By imaging for the first time at high resolution and in 3D the magmatic system under the East Pacific Ridge, an international team led by Milena Marjanović, CNRS researcher at the Institut de Physique du Globe de Paris, sheds light on the morphology of the magma lenses representing the last stages of magma before eruptions of lava on the surface.
The study, published on September 29 in the journal Science Advances, shows that the shape of these small magma reservoirs remembers the processes of magma recharge and drain, influencing the dynamics of future eruptions.
© Marjanovic – CNRS-IPGP
Numerical modeling results show that the architecture of magma plumbing systems between the Earth’s mantle and surface and how magma evolves through these systems play a fundamental role in the construction and evolution of volcanic edifices. However, due to the inaccessibility of most active volcanic systems to high-resolution imaging, the detailed morphology of the most superficial magma reservoirs and the relationship between magma upwelling initiation and eruption dynamics still need to be discovered.

Topography and tectonics of the ocean floor (left) and 3D morphology of magmatic lenses beneath the surface (right) of a segment at the East Pacific Rise. © Marjanovic – CNRS – IPGP
A study published on September 29 in Science Advances by an international team involving scientists from the CNRS, the Institut de Physique du Globe de Paris and Université Paris Cité presents unprecedented high-resolution seismic images that shed light on the small-scale architecture of the network of shallowest magma bodies, located beneath an erupting zone of the East Pacific Rise. These images, the result of a close collaboration with industry experts, which enabled a cutting-edge imaging technique, were obtained by inverting the waveforms of seismic reflection data acquired during a marine research cruise conducted in 2008.
The study reveals that these lenses, which were until now modeled as smooth bodies, in reality present ridges and troughs which are interpreted as zones where repeat dikes (seams of magma which rise from the reservoir up to the surface) nucleate. This peculiar morphology is sculpted by the processes of magma recharge from the mantle and magma extraction towards the surface. The recurrence of these processes leaves an imprint, linked to the concentration of stresses induced by the topography, which contributes to the nucleation of the dikes and the triggering of the rise of magma towards the surface and more broadly to the dynamics of subsequent eruptions.

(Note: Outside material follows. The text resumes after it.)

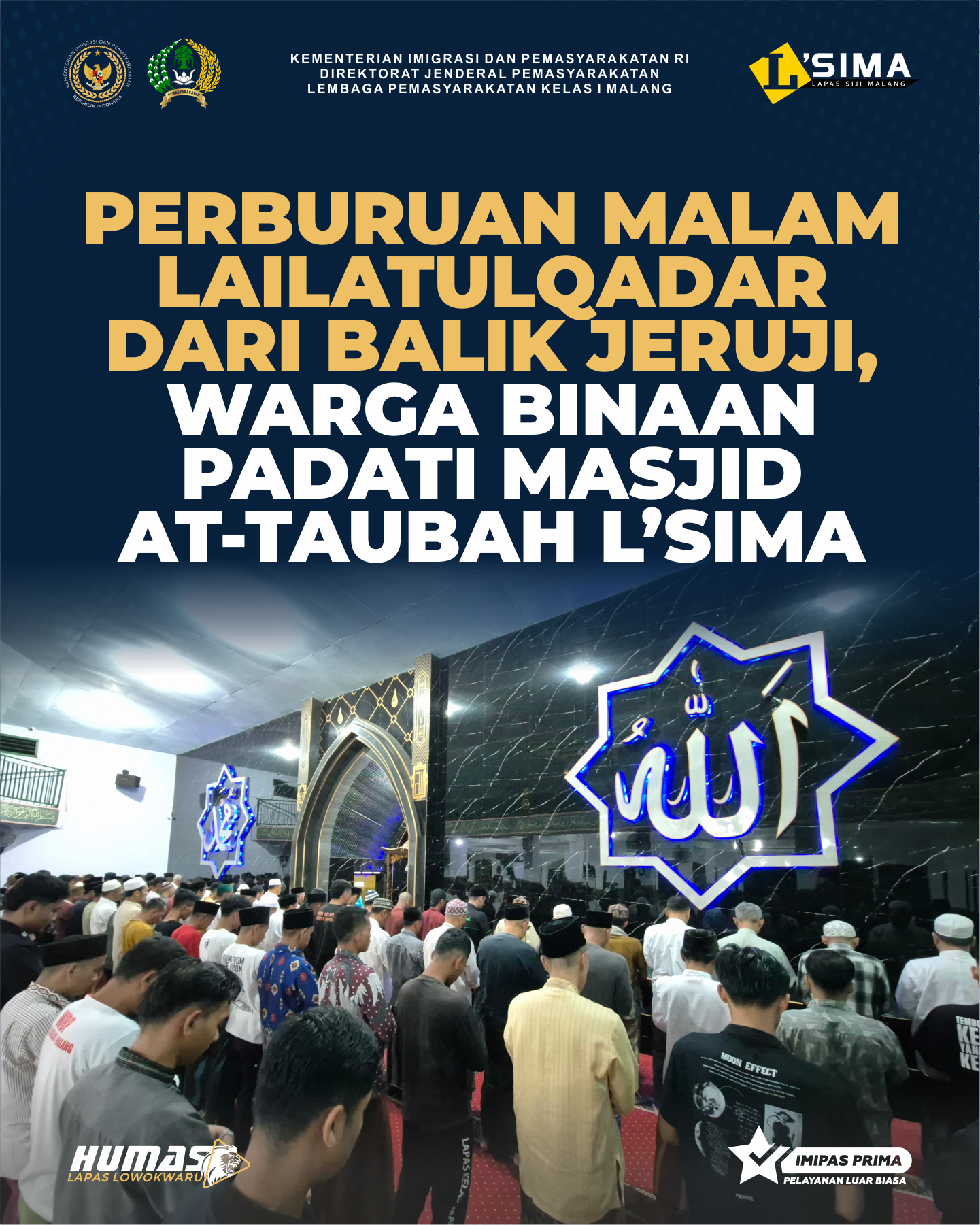 Malang – Memasuki sepuluh malam terakhir bulan Ramadan, suasana religius semakin terasa di Lapas Kelas I Malang. Warga binaan tampak memadati Masjid At-Taubah untuk menunaikan rangkaian ibadah malam mulai dari salat tarawih, salat sunnah, hingga tadarus Al-Qur’an(12/03). Kegiatan ini menjadi bagian dari upaya warga binaan dalam memburu keberkahan malam Lailat Al-Qodar atau Lailatulqadar yang diyakini lebih baik dari seribu bulan. Dengan penuh kekhusyukan, mereka memanfaatkan waktu malam Ramadan untuk memperbanyak ibadah dan mendekatkan diri kepada Allah SWT. Petugas pengamanan dan pembinaan turut mendampingi jalannya kegiatan agar ibadah berlangsung tertib dan khidmat. Semangat spiritual yang tercermin dari antusiasme warga binaan ini menjadi gambaran kuatnya pembinaan kepribadian di Lapas Malang.
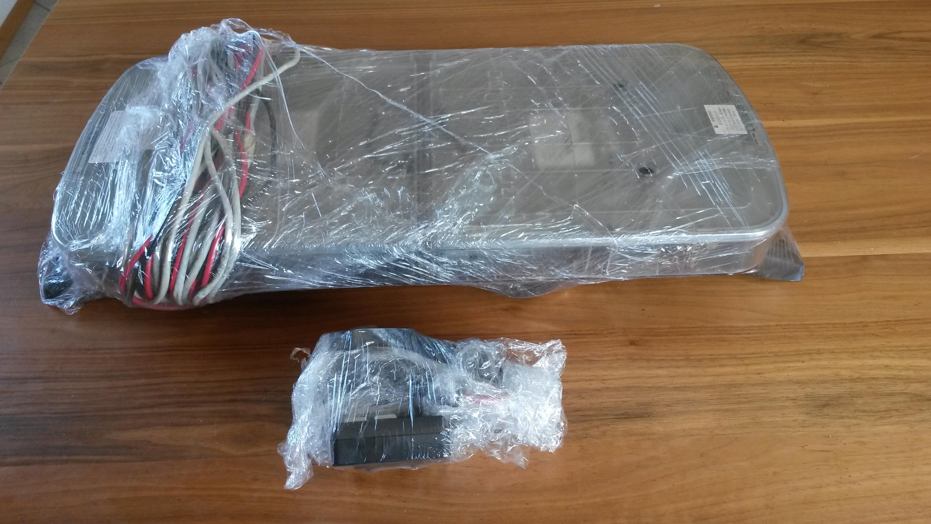 Gut verpackt: Nach dem entfernen der Folie war der Zustand als "nicht schlecht" zu beurteilen: Füße, Kabel, Sicherungshalter und Bedienteil - alles dabei. Die eingestellten Blitzmuster gefallen mir nicht so ganz und am Bedienteil sind noch zwei Tasten unbelegt / ohne erkennbare Funktion. Auch der Schiebehebel erzeugt am Balken keine Reaktion, zeigt am Bedienteil left, center out und right als TA-Funktionen an. Über Hilfe bei der Umstellung / Programmierung wäre ich dankbar! |

By including these new results in the latest generation of three-dimensional numerical models, it should now be possible to obtain a more realistic representation of volcanic systems which will contribute to better localization of eruptions, and thus to the improvement of risk assessment.
References:
> Insights into dike nucleation and eruption dynamics from high-resolution seismic imaging of magmatic system at the East Pacific Rise, Marjanović et al., Sci. Adv. 9, 2023.